= Indus GT =

Floppy disk drive

The Indus GT is a 5 1/4-inch floppy disk drive that was introduced by Indus Systems in 1983 for the Atari 8-bit computers. It was later released for the Apple II and Commodore 64. On the Atari, it was widely regarded as the best drive of the era, with the most features, highest performance, and even best industrial design. They were known for the advertising slogan, "Turn your Atari into a Ferrari." The GT was sold until around 1987, at which point the rights were sold to Logical Design Works and reintroduced as the LDW Super 2000, sold primarily into Poland, and the CA-2001, sold into the US.

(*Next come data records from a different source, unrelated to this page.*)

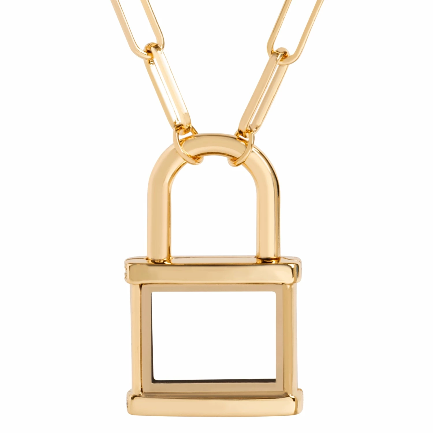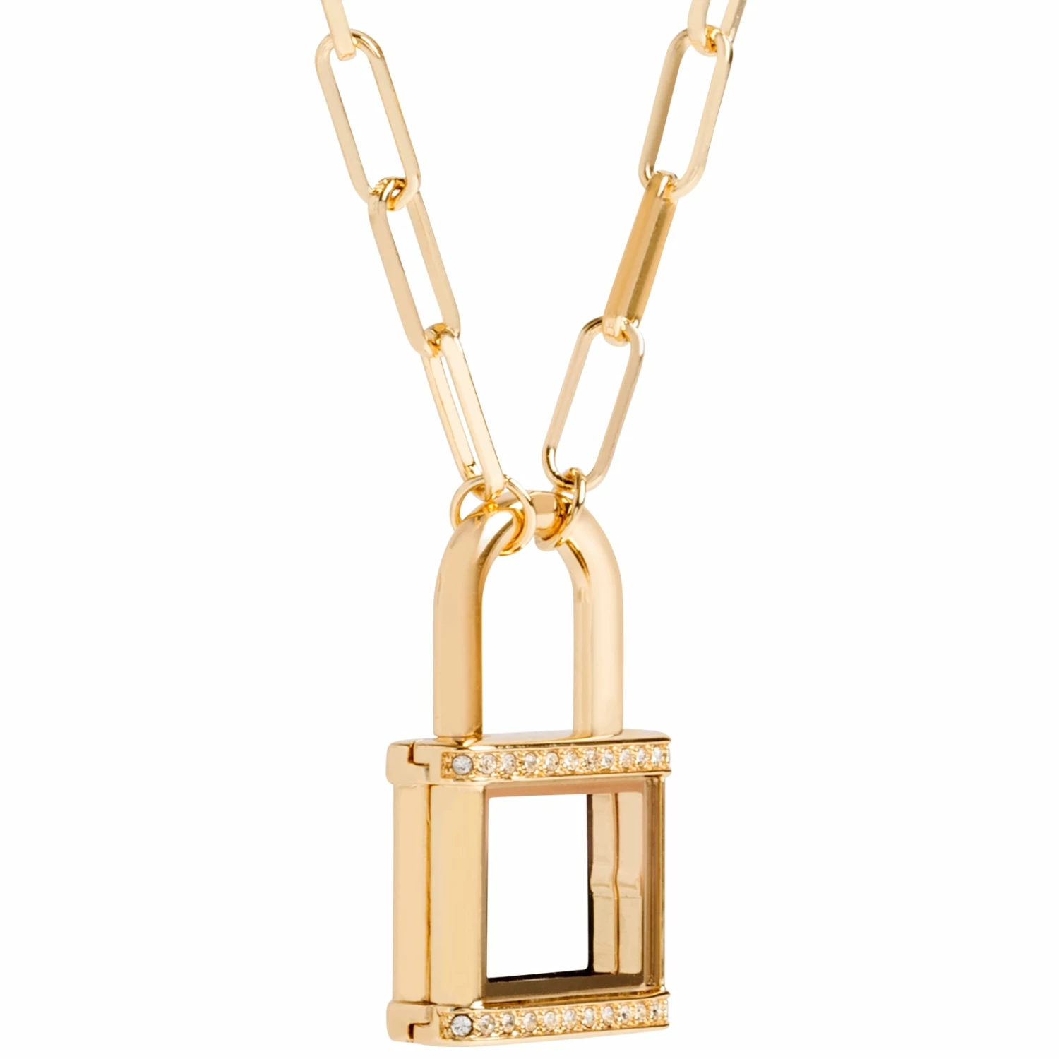 Add your story with meaningful Charms and lock it up so it stays safe! Our new Gold Padlock Living Locketยฎ holds 3-5 of your favorite Charms and comes with this trendy large link Chain Necklace. This piece is versatile and chic! Wear it with the shimmering Crystals sparkling out for all to see or turn it around for a more subtle look. This gorgeous style is the perfect gift for anyone you deem special.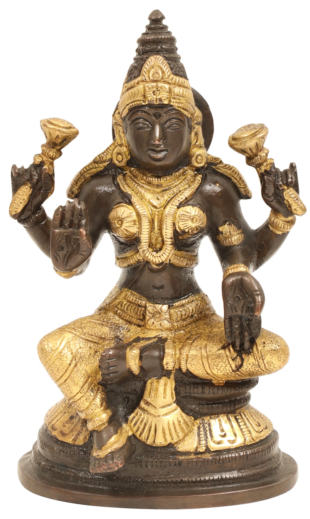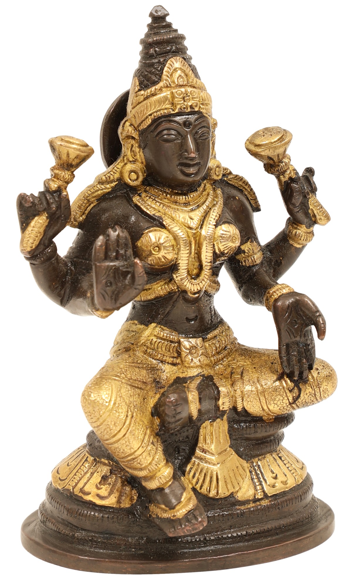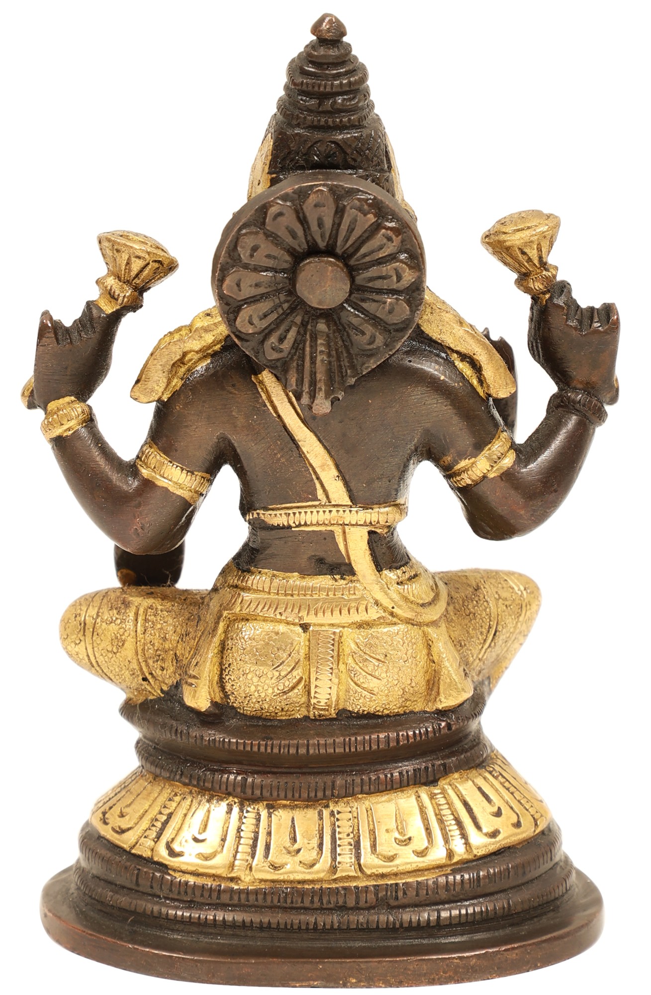 Goddess Lakshmi from her earliest mentions in ancient Hindu scriptures rules the realms of fertility, abundance, and auspiciousness. To emphasize Devi Lakshmi’s role as the bestower of the boons of progeny, fecundity of fields, and pleasantness in life, her icons illustrate the goddess as a youthful woman, who in Hindu tradition is the ideal symbol of productiveness and propitiousness. In this small brass goddess Lakshmi statue, Devi is a female brimming with youth, seated on a lotus throne or Padmasana in the posture of royal ease (Lalitasana). She is in her popular four-armed form, carrying two lotuses and making the gesture of fearlessness (Abhaya mudra) and disseminating boons (Varada mudra) with her right and left primary hands, respectively. A Vaishnava Kiritamukuta crown, dehri (circular earrings), Haara and Ratnamalika (necklaces), bracelets, and armlets embellish the divine limbs of Devi Lakshmi in this brass Lakshmi icon. Maa Lakshmi’s motherly expressions are imbued in this brass work with simple incised lines, which create a humble and powerful idol of the great mother goddess.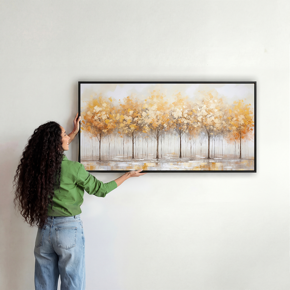 Alle unsere Rahmen verfügen über ein einfaches Montagesystem, mit dem Sie Ihr Gemälde an der Wand befestigen können.

The GT drive is housed in a black metal case and the opening in the front for the floppy was covered by a flip-open smoked plexiglass door that makes the unit look completely sealed when closed. A two-digit seven-segment LED display is on the face of the unit behind the door, but remains readable even with the door closed. Buttons beside the display allow the user to select among track number, most recent error code, and the type of formatting on the disk, single, enhanced (or dual), or double-density. A fourth button enables write protection, while a real-panel switch lets the user to select the default format.

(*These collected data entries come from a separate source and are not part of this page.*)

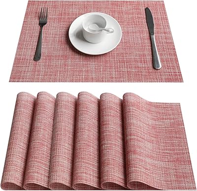 Unkown Set of 6 Woven Cotton Placemats Anti-Slip Heat Resistant Pad Western Dining Woven Cotton Dinner Table Mats Desk Holder Home Decor red 6 45 out of 5 stars 91 1699 16. Gayan Celebrations 100 Cotton Woven Table Placemat Set 6 Pack French Stripe 14 in x 20 in Beige with Tan Stripes 39 out. MNBVC Red and Black Abstract Background Placemats Set of 4 for Dining Table Washable Woven Vinyl Placemat Non-Slip Heat Resistant Kitchen Table Mats Easy to Clean 42 out of 5 stars 35 1639 16.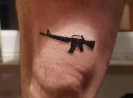 M-16 – американська автоматична гвинтівка, тому саме в США такі зображення дуже популярні. Її часто завдають патріоти США і військові НАТО. Таке зображення символізує вірність своїй країні, стійку відповідь ударам долі і вміння зберігати спокій в екстремальній ситуації.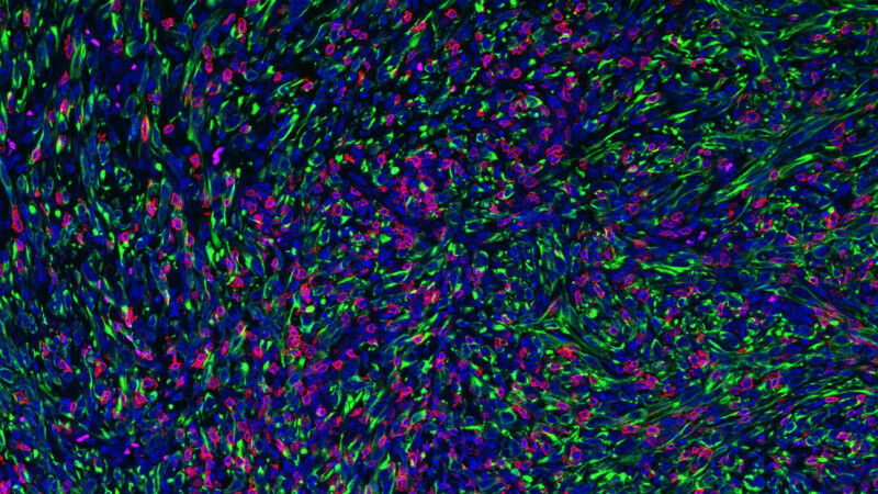 Tumor with FMRP-deficient cancer cells (in green) being infiltrated and attached by killer (CD8) T cells. Credit: Jeremy Guillot (Hanahan Lab - EPFL).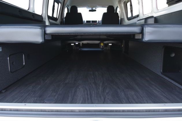 床には、SH床貼り加工を施しセカンドシートの足元から荷室まで全てに加工をしています。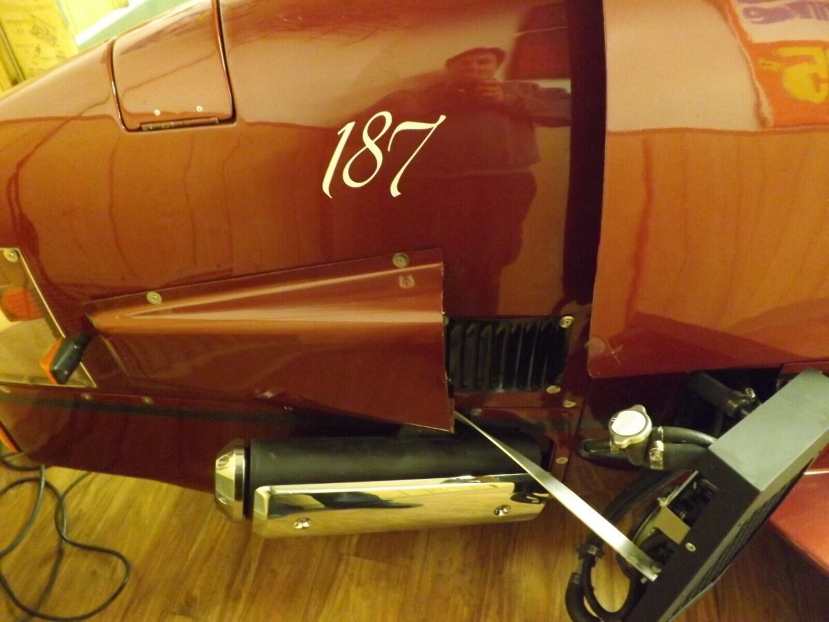 The motor in this one is a fuel-injected, water-cooled Honda Silver Wing. The fuel-injected version of this motor is probably from the scooter made starting in 2002; if we’re right, it’s a 582 cc twin-cylinder motor with about 50 hp. (No photos of the engine are supplied.) The seller indicates that the cooling system has been newly updated and the exhaust is new. The transmission is an automatic. The seller notes that its reverse motor doesn’t always work. A big selling point for this invention was its excellent gas mileage, and while the marketing claim of 100 mpg was aspirational, owners did manage at least 50 mpg. The vehicle weighed about 1000 lbs, so it wasn’t necessarily logical to claim that making a heavier motorcycle would result in higher mileage than the motorcycle itself. A Yamaha 400 cc bike gets about 60 mpg.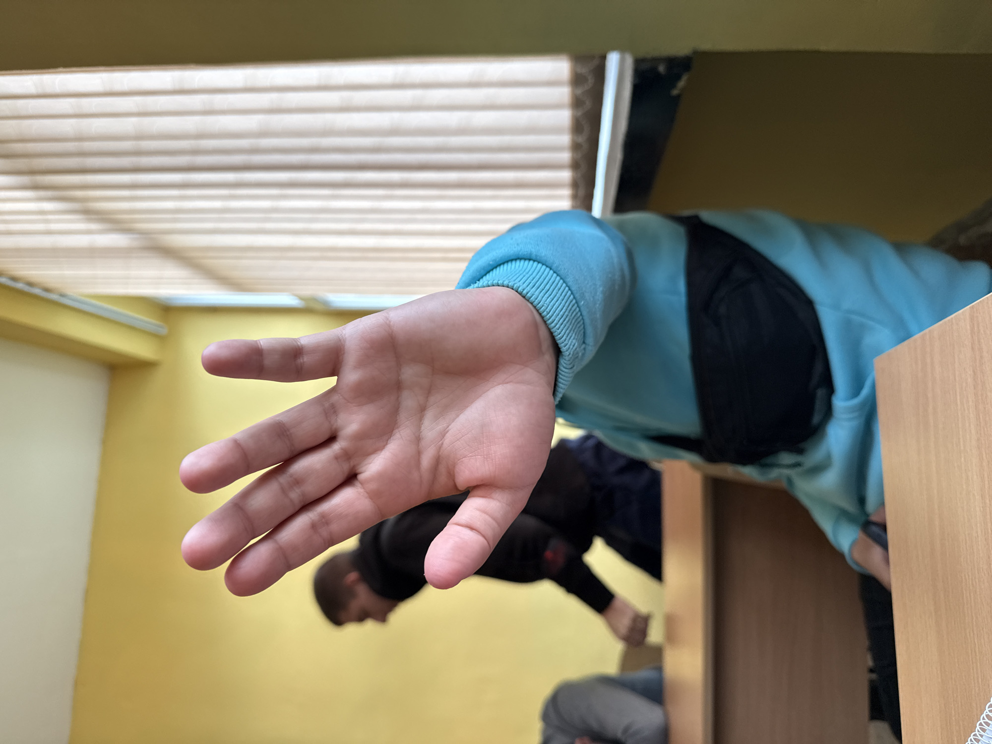 The image displays an indoor classroom scene in Cherven Bryag, Bulgaria. In the immediate foreground, a light-skinned hand, presumably belonging to the person holding the camera, is raised towards the lens, palm facing outward, obscuring a portion of the view. The individual wearing the blue sweatshirt also has a black fanny pack strapped across their torso. In the blurred mid-ground, a male individual with short dark hair walks from right to left in profile, wearing a dark hooded sweatshirt and dark trousers. Another person's arm, clad in a grey long-sleeved garment, is partially visible resting on a desk on the far left. The environment includes light brown wooden student desks, bright yellow walls, a white ceiling, and a large window on the right side fitted with vertical cream-colored blinds. A narrow, darker yellow-green vertical wall section is visible on the extreme right.

The drive was based on the Tandon TM50 half-height mechanism connected to a Western Digital 2797 drive controller. The connection to the host computer was controlled by a Zilog Z80. A later upgrade from Indus, the RAMCharger, added 64 kB of random-access memory (RAM) and a PAL chip that allowed the drive to run CP/M software.

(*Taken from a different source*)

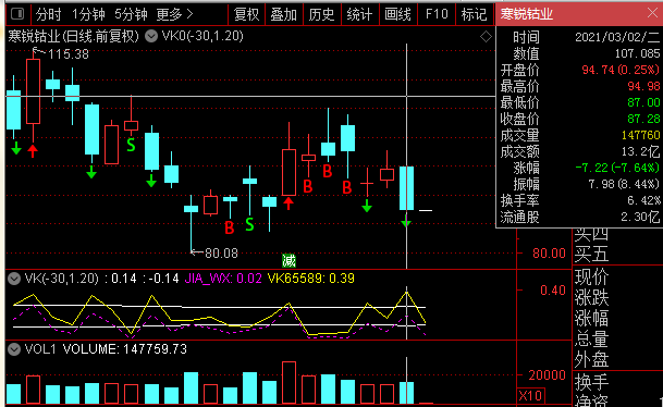 寒锐钴业昨日VK值0.39,放量,下跌通道要正式打开了吧
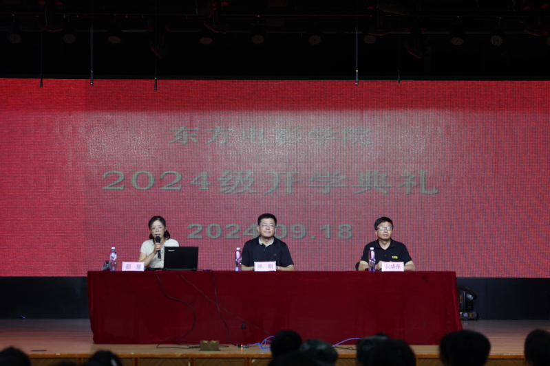 9月18日中午,東方電影學(xué)院在學(xué)校禮堂舉行了2024級(jí)新生開學(xué)典禮暨入學(xué)教育大會(huì)。東方電影學(xué)院院長(zhǎng)郜明,副院長(zhǎng)、黨總支書記祝華東,黨總支副書記邵慧,學(xué)院各專業(yè)主任、實(shí)訓(xùn)室主任、教師代表、全體輔導(dǎo)員以及2024級(jí)新生參加了大會(huì)。大會(huì)由邵慧副書記主持。

For Atari users, the drive shipped with DOS XL from Optimized Systems Software, authors of the original Atari DOS. DOS XL added support for double-density disks although it could still format and read and write single-density disks for use with other Atari drives. It did not, however, support the "enhanced" density mode introduced on the Atari 1050, although the drive itself could be used with such disks if the host machine was booted with Atari DOS 2.5 instead of DOS XL.

Indus later introduced their own speed improvement, "Synchromesh", which doubled the transfer speed over the SIO bus to 38.4 kbit/s. A later version, "SuperSynchromesh", improved this further to 68 kbit/s. One complaint was that the Synchromesh software took a long time to load, so modified boot disks appeared to improve this. It was considered a high-quality unit, regarded by many as the best floppy drive available for 8-bit Ataris.

It was advertised as being over 400% as fast as the Commodore 1541 and has an internal "ROM drive" with DOS utility software, but suffers, as do many third-party Commodore-1541-imitation drives, from being less than 100% 1541-compatible.